Dear courageous leaders,
A few weeks ago I sat in on a leadership team that was, by every visible measure, aligned. They wanted the same outcome. They liked each other. They were not fighting.
And they were completely stuck.
Watching them, I kept thinking about how often this is the real shape of organizational friction. So often, what happens is not about opposing goals or bad intent. Rather, the challenge emerges from a room full of capable people moving clumsily in the same direction, each one certain that the obvious next step was obvious, each one quietly frustrated that the others could not see it.
What was actually happening was quieter and more interesting than disagreement. One person needed the plan before she could commit. One wanted to move now and refine later. One kept asking how the team would respond to the decision. One wanted more data before anyone did anything. No one was wrong. Each was protecting something real. However, the conversation kept getting set by whoever spoke with the most insistence, and the others slowly went quiet.
In the last Dispatch, I wrote about disrupting code drift, the work of noticing when one of your own strengths gets loud enough to distort your leadership. That is self-awareness, and it is the inner work.
This edition is about the turn outward. Because self-awareness lets you disrupt your own drift. Relational awareness lets you expand your influence. Most of the missed opportunity I see in leadership rooms is not a failure of intelligence or goodwill. It is a failure to understand what is actually driving and motivating the people in the room.
The Lens
If you have been with the Dispatch, you know I think of our influence code as a kind of operating system. It runs underneath our behavior, shaping what we notice, what we value, and what we reach for under pressure. Four codes, present in everyone, ranked into a stack: Structure, Connection, Momentum, and Analysis.
Here is the part that matters for this edition. Each code is not just a style. Each code holds a different set of values, a different focal point on the same situation.
Structure is oriented toward what will hold: planning, process, stability, the systems that let good work outlast the people who built it.
Connection is oriented toward people: relationships, belonging, authenticity, whether the way we are working is good for the humans doing the work.
Momentum is oriented toward movement: opportunity, energy, decisiveness, the cost of waiting too long while the moment passes.
Analysis is oriented toward truth: logic, accuracy, evidence, understanding the thing fully before committing to it.
All four are necessary. A room with only Structure never moves. A room with only Momentum moves off a cliff. The genius of a healthy team is that the codes balance each other. The blind spot of a struggling one is that the loudest or most persistent code quietly sets the direction, and the values the other codes were protecting simply drop out of the conversation.
This is the cost most leaders never see. When the most insistent voice sets the course, it is not just a personality winning. It is a whole set of values getting prioritized by default, and another set going unspoken. The person who needed to understand the risk before moving does not say so. The person who sensed the team was not ready stays quiet. The decision gets made, and it looks like alignment, but it is really just the absence of the perspectives that did not push hard enough to be heard.
Reading the codes in others is not a parlor trick for being more persuasive.

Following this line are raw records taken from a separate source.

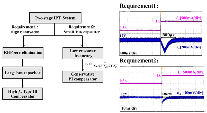 为提高感应式IPT系统的设计与控制自由度,可在IPT系统的后端加入电力电子变换器,形成两级IPT系统。然而,这种两级系统在某些情况下可能会出现动态性能较差甚至不稳定的现象。为了解决这个问题,傅旻帆课题组从系统的小信号模型出发,利用IPT系统阻抗模型分析了两级系统之间的耦合。通过建立整个系统的小信号模型和传递函数,研究人员系统地讨论了母线电容的影响,以及母线电容与系统控制带宽之间的平衡关系。最终提出了具有不同响应速度的控制器设计策略,并进行了闭环实验验证。
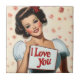 Uma ilustração vibrante no estilo pino-up clássico dos anos 1950. A imagem apresenta uma mulher glamourosa com curvas vintages, maquiagem ousada e um sorriso radiante. Ela segura uma placa com uma mensagem amorosa, "Eu te amo", colocada contra um pano de fundo de delicadas rosas rosa. A estética geral captura a vibração romântica e brincalhona da arte "pin-up" do século do médio.
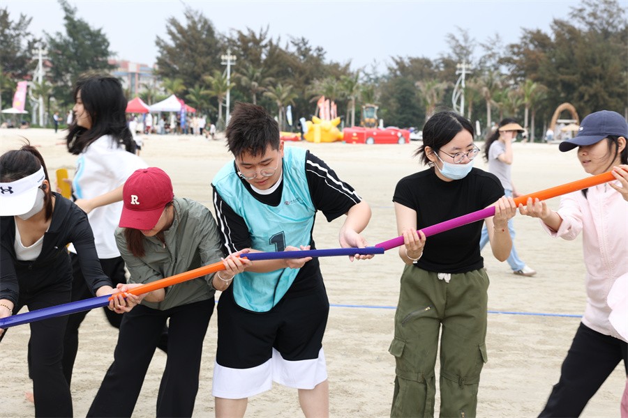 此次运动会设置了沙滩排球、同舟共济、 水到渠成等5项特色运动比赛和艺术沙雕比赛,通过特色的沙滩体育和艺术项目,培养学生“团结第一、健康第一、参与第一”体育精神,彰显师生奋力拼搏、蓬勃向上的青春活力。整个沙滩上体能和技能,艺术和体育交织,满满“趣味竞赛风”,北艺学子们也早早到达沙滩赛场摩拳擦掌,跃跃欲试,一起传递热情、勇气与力量。运动会现场,参赛师生遵守比赛规则,公平公正、团结协作,顽强拼搏,胜不骄,败不馁,赛出了风格,赛出了水平,赛出了友谊。
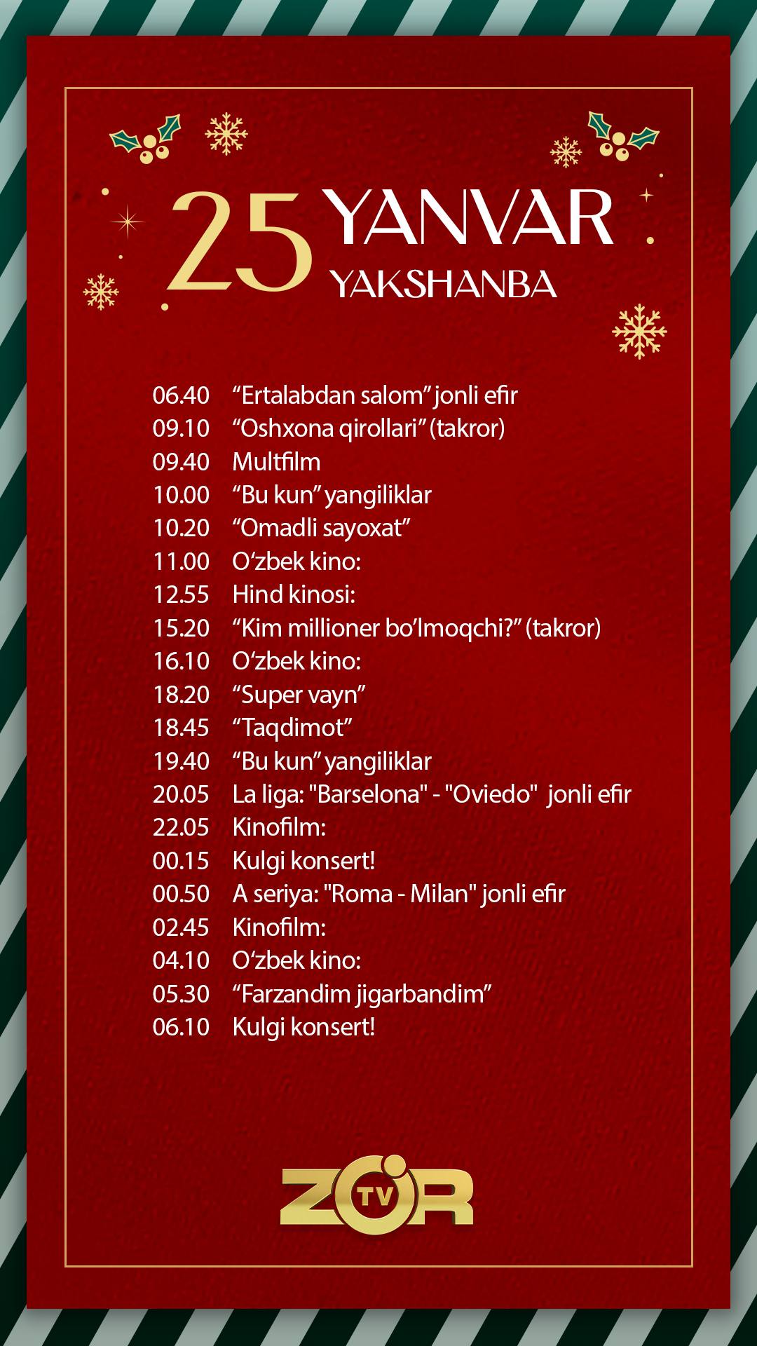 Zo'r TV телеканали бугун — 2026 йил 25-январь, якшанба куни қуйидаги кўрсатув ва трансляцияларни эфирга узатишни режалаштирган.
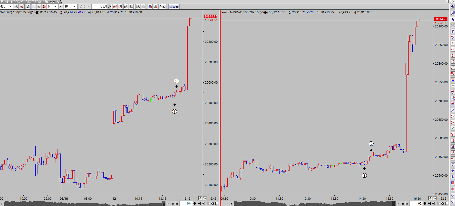 파일좌측의 1,2번처럼 15분봉 고가갱신시
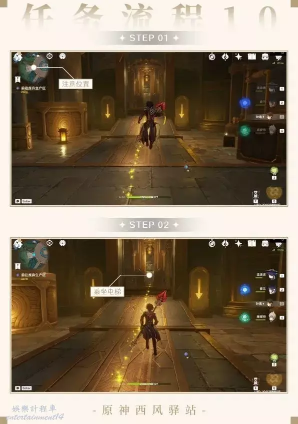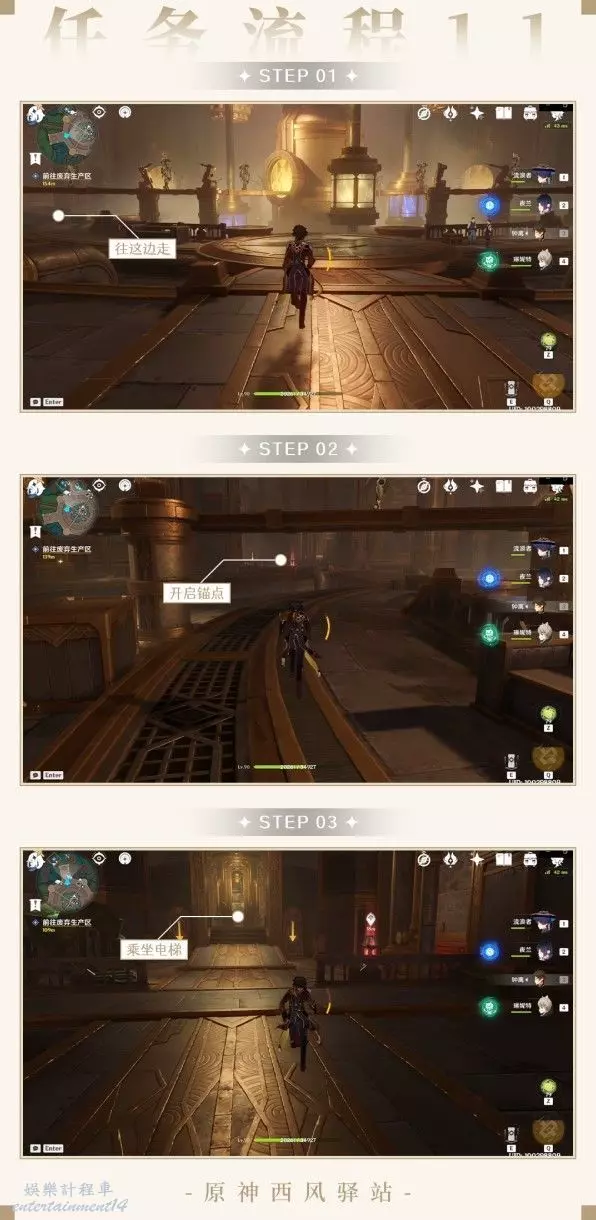 25、打開地圖,傳送至“梅洛彼得堡”字樣上方的錨點處,然後左轉,沿著順時針方向前進,注意看左側,當出現一個像上的箭頭時停下來,前往箭頭位置乘坐電梯,來到生產區·上層。
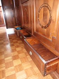 camera matrimoniale in legno massiccio composta da letto, comodini,cassettiera con specchio e armadio tenuta bene con qualche piccolo graffio dovuto al trasloco
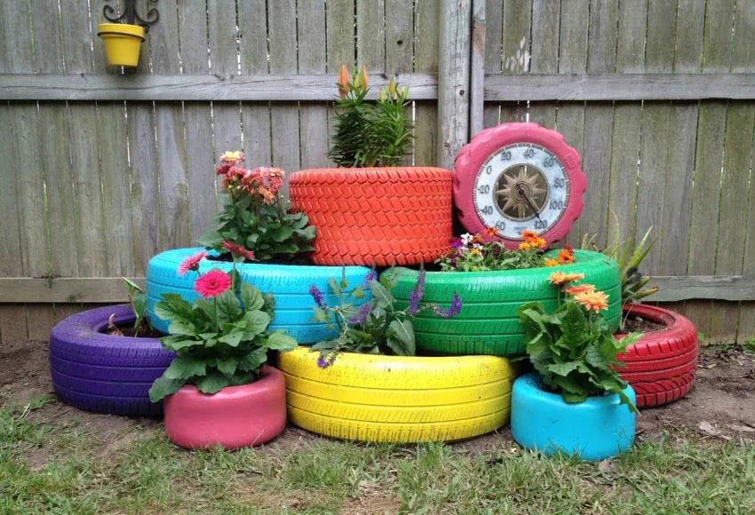 Интересный вариант – использование автомобильных шин. Поскольку такой материал отличается доступностью, его можно встретить на многих участках. Резина устойчива к температурным перепадам, поэтому изделия из покрышек служат достаточно долго. Единственный минус – на них нужно регулярно наносить краску.

It is the discipline of noticing the value tensions in the room before they go underground. When a Structure leader and a Momentum leader clash, it looks like rigidity versus recklessness. Underneath, it is a real and legitimate question: what level of structure is sufficient for the risk we are taking? When Connection and Analysis talk past each other, one is asking for warmth and one is asking for precision, and both are right about what the situation needs.
The value tensions are not the problem. They are the information. A leader who can hear them widens perspective, communicates in a way that actually lands, and builds solutions with the room instead of imposing one on it.
Clear Eyes. Full Hearts Practices
The practice: Read the room before you move it
Bring to mind a specific situation where a group you lead remains stuck, circling, or quietly resistant, even though everyone seems to want the same thing.
Now slow down and read the codes in the room, one person at a time.
For each key person, ask: what is this person actually protecting?
Listen for the tell. The one who says "what's the plan?" or "do we have a process for that?" is protecting Structure.
The one who says "let's just do it, what's the opportunity here?" is protecting Momentum.
The one who asks "how is everyone feeling about this?" is protecting Connection.
The one who says "what does the data say?" or "have we really vetted this?" is protecting Analysis.
Then ask the question that changes everything: whose code has been setting the direction, and whose values have gone quiet?
You are not looking to label anyone. You are looking for the focal point each person is holding, so you can name the tension out loud instead of letting the most persistent voice resolve it silently.
Journal prompts
- In a recent stuck conversation, which code was loudest? Was it loudest because it was wisest, or because it was most persistent?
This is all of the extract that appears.